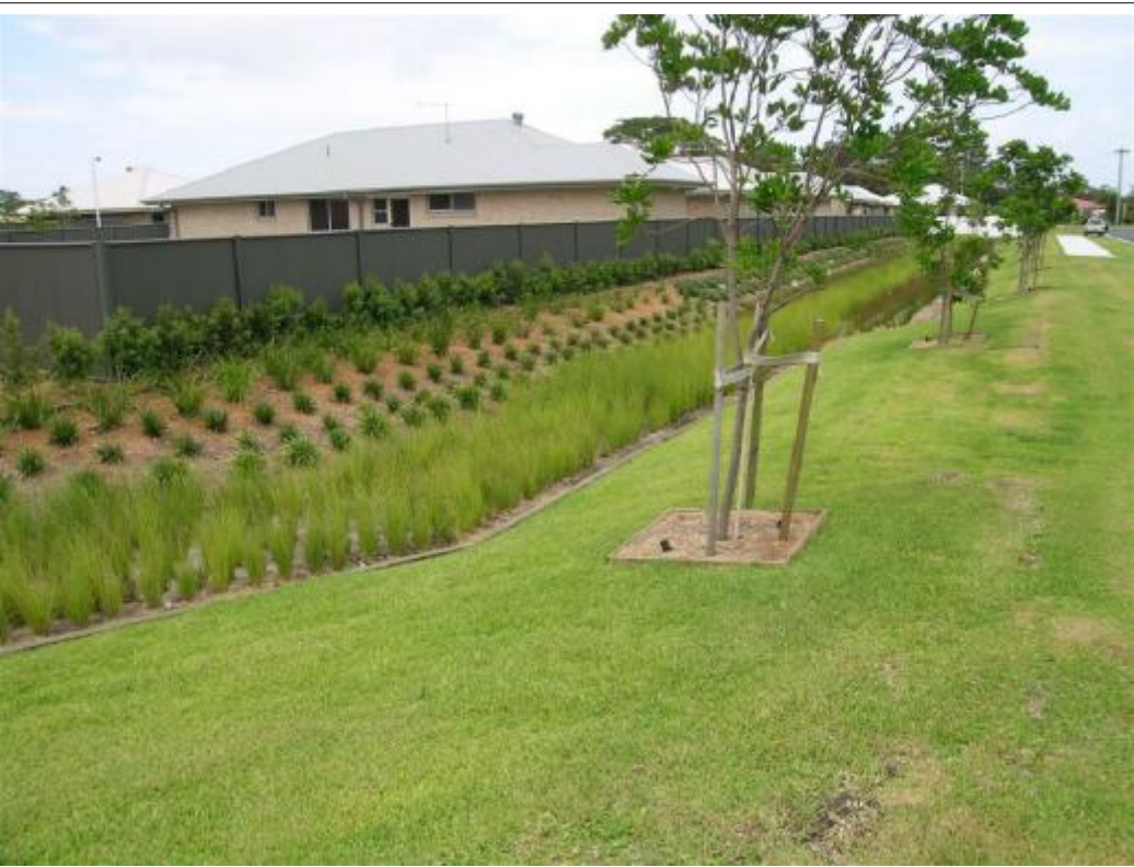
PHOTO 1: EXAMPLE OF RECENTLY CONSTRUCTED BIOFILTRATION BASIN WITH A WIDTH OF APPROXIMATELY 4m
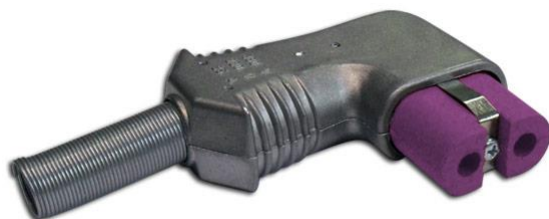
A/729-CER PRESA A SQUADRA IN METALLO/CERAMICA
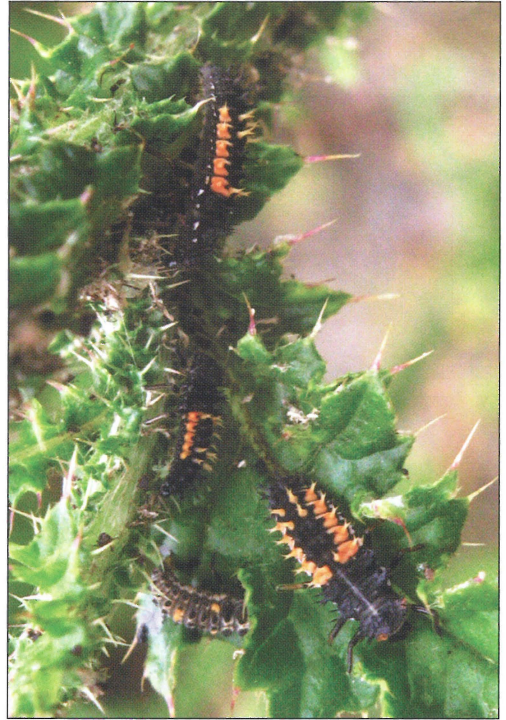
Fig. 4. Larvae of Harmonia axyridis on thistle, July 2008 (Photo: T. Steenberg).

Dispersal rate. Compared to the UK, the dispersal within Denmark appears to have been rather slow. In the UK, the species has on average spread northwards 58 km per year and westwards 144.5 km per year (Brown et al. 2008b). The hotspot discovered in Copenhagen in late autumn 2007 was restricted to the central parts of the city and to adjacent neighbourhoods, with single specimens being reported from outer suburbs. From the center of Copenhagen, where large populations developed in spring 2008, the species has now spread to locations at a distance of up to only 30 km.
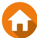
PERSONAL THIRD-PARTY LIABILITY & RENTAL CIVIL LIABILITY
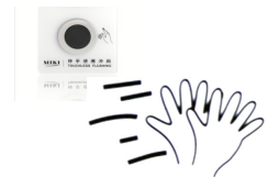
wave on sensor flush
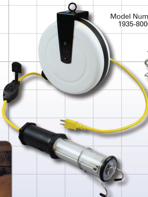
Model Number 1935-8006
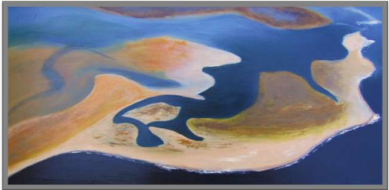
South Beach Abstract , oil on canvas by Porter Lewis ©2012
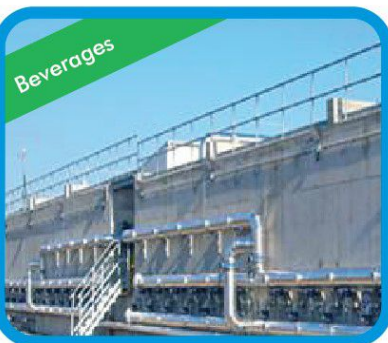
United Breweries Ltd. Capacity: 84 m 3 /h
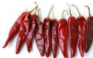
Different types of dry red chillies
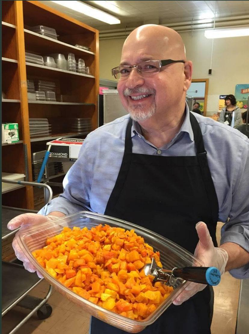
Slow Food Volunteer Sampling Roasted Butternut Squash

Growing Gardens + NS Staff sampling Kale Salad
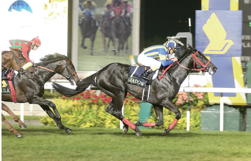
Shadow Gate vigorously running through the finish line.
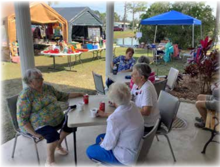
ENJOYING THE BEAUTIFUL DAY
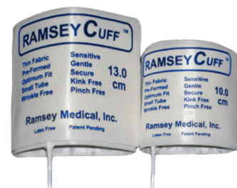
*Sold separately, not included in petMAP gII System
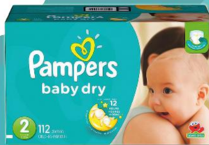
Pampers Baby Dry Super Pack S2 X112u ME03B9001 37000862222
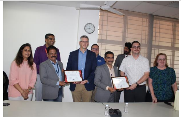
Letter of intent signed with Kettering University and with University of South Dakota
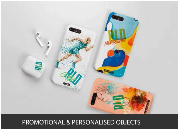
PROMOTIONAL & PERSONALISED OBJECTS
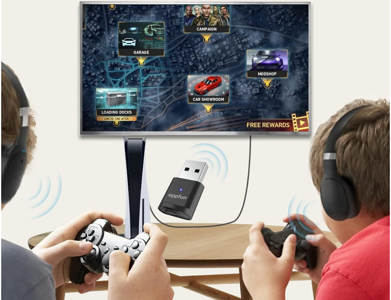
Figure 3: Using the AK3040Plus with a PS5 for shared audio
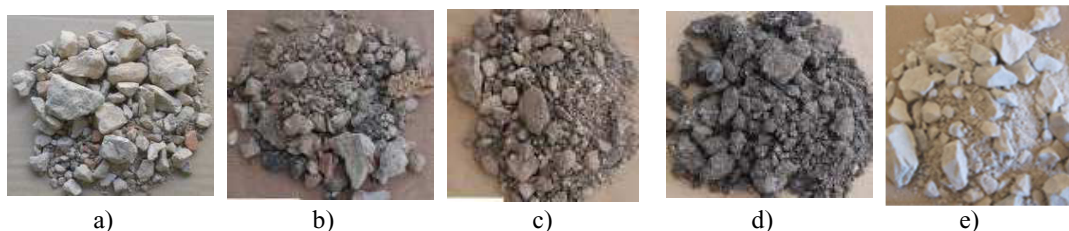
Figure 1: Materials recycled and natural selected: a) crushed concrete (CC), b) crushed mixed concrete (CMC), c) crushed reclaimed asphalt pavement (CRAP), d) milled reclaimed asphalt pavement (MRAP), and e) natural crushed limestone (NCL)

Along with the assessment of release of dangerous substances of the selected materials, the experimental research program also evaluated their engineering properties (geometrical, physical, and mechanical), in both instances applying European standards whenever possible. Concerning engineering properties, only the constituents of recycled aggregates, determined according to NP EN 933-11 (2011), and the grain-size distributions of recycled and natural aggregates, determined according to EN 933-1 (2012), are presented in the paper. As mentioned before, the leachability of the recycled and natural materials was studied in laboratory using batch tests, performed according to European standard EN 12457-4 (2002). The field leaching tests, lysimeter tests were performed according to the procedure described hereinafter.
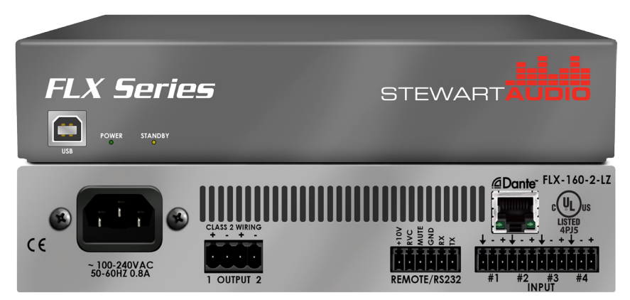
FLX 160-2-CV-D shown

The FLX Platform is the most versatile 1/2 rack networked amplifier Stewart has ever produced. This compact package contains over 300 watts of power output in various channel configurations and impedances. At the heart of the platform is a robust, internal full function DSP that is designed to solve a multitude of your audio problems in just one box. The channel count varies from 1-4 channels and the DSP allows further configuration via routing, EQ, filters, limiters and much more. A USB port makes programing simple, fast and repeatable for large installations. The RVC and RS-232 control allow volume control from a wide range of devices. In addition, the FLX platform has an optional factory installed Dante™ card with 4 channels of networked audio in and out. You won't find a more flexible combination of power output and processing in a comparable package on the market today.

----

WHAT IS NEEDED
If the string "from" is in a line of the entries, pick that line out.

RESULT OF THE EXERCISE
Dispersal rate. Compared to the UK, the dispersal within Denmark appears to have been rather slow. In the UK, the species has on average spread northwards 58 km per year and westwards 144.5 km per year (Brown et al. 2008b). The hotspot discovered in Copenhagen in late autumn 2007 was restricted to the central parts of the city and to adjacent neighbourhoods, with single specimens being reported from outer suburbs. From the center of Copenhagen, where large populations developed in spring 2008, the species has now spread to locations at a distance of up to only 30 km.
The FLX Platform is the most versatile 1/2 rack networked amplifier Stewart has ever produced. This compact package contains over 300 watts of power output in various channel configurations and impedances. At the heart of the platform is a robust, internal full function DSP that is designed to solve a multitude of your audio problems in just one box. The channel count varies from 1-4 channels and the DSP allows further configuration via routing, EQ, filters, limiters and much more. A USB port makes programing simple, fast and repeatable for large installations. The RVC and RS-232 control allow volume control from a wide range of devices. In addition, the FLX platform has an optional factory installed Dante™ card with 4 channels of networked audio in and out. You won't find a more flexible combination of power output and processing in a comparable package on the market today.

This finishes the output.